The AAP equivocates about the "risks" of circumcision (while conceding that no one actually knows for certain what those risks are) yet refuses to acknowledge even now that circumcision is a harm in and of itself. If the AAP's refusal to recognize this fact is predicated on its dismissal of the functions and importance of the male prepuce (including its essential role in sexual sensation as well as its functional role during coitus), it is predicated even more fundamentally on the AAP's apparent disdain for the right of the individual to decide for himself which parts of his body are important to him - and to decide for himself which parts of his body he gets to keep and which parts get cut off.
It's time for the AAP to live up to the lofty ideals of its professed mission "to attain optimal physical, mental, and social health and well-being for all infants, children, adolescents and young adults." The AAP has an ethical duty to protect children; that ethical duty is incumbent upon each of its members, as well.

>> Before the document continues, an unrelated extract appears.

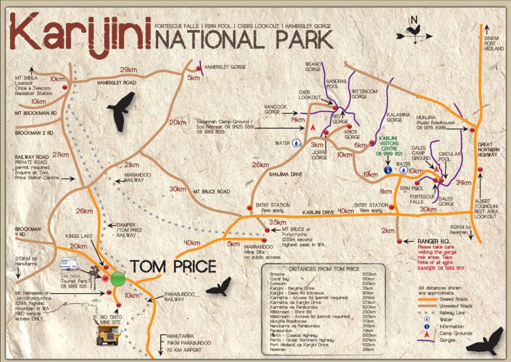 The lookouts all hang over the cliffs giving spectacular views. We look down hundreds of feet to the valley floor below and count the tiny red and black dots that are walkers in climbing gear in Hancock Gorge. Twenty metre high trees appear tiny. This place is not for the faint hearted and we are constantly reminded of those who have lost their lives in the gorges. There are very few safety rails and we make sure that we don’t go beyond class 4 (experienced) trails. Class 5 is for the mountain goats.
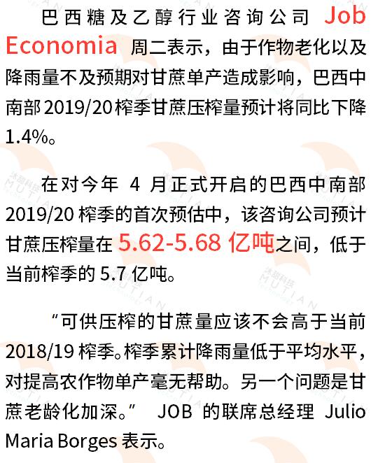 降雨低于预期 巴西中南部19/20榨季甘蔗压榨量或同比下降

That duty includes refraining from subjecting neonates to painful and unnecessary surgeries, especially a surgery that results in the permanent loss of a functional and sensitive body part that every neonate, every infant, every child, every adolescent, and every man has a right to retain and to have retained into adulthood. Revising its policy on circumcision so as to bring it into conformity with the AAP's recent policy statement on neonatal pain-prevention - to say nothing of bringing it into conformity with basic principles of medical ethics and into conformity with a respect for the fundamental human right of every individual to physical integrity - would bring the AAP a long way toward realizing its stated goal of "preventing or minimizing pain in neonates."